A staff meeting without a decision agenda is a status briefing. Most staff meetings are status briefings.
The result: the leadership team leaves aligned on what everyone is doing but has made zero decisions about the things that actually need deciding — tradeoffs, reprioritization, resource conflicts, strategic divergences. They spent two hours in a room together and their collective decision-making capacity was largely unused.
This is the most common and most costly failure of the leadership team meeting. It has a specific fix.
The Decision-First Staff Meeting
Build every staff meeting around the decisions that need to be made, not the updates that need to be shared.
Before the meeting, the chair (usually the most senior person in the room) should ask: what are the decisions that this team needs to make in the next two weeks? Which ones belong to this forum — meaning they require the authority or perspective of the full leadership team — and which ones can be made by the responsible individual without the group's time?
A useful heuristic: if a decision can be made by one person with input from one or two others, don't bring it to the full staff meeting. Staff meeting time is expensive — eight to twelve people in a room for an hour is eight to twelve person-hours. Use it for decisions that genuinely require the group's judgment or authority.
From Discussion to Decision
The most common failure in decision-mode staff meetings: the discussion goes well, everyone agrees in principle, and nothing is decided.
The chair's job is to move from discussion to decision. Specific mechanics:
After the discussion, state the decision explicitly. "Here's what we're deciding." Not "it sounds like we're aligned" — state the actual decision: what we're doing, with what resources, by when.
Name the owner.
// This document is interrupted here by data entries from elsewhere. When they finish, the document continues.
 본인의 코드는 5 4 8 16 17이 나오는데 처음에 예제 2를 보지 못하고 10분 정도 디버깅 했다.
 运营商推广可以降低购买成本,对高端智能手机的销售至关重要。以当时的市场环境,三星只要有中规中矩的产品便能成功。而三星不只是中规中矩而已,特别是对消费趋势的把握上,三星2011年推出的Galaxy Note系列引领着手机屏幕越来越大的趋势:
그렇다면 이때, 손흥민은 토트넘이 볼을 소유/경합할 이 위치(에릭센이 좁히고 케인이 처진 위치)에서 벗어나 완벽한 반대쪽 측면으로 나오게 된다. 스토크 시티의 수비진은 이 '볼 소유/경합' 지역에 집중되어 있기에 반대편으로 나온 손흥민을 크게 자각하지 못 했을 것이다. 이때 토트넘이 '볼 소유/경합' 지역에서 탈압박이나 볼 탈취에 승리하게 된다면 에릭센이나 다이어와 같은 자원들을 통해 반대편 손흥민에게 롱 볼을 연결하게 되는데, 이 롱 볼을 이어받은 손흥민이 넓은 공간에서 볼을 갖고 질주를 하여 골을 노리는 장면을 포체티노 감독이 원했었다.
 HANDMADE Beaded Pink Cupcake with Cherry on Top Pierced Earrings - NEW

Who is responsible for executing this decision? Who will be accountable for the outcome?
Name what was decided against. Every real decision is also a decision not to do something else. Name it. "We're doing A, which means we're not doing B this quarter." This prevents the perpetual reconsideration of the rejected option.
Set the next check-in. When and how will we know if this decision is working? Not a review of whether people are doing the work — a review of whether the decision was the right call.
The One Question to Ask Before Every Staff Meeting Item
For each agenda item, ask: what decision does this produce, who makes it, and when?
If the answer is "none — this is an update," put it in the update document. If the answer is a real decision with real stakes, put it in the meeting.
The staff meeting is your leadership team's decision-making forum. Protect it accordingly.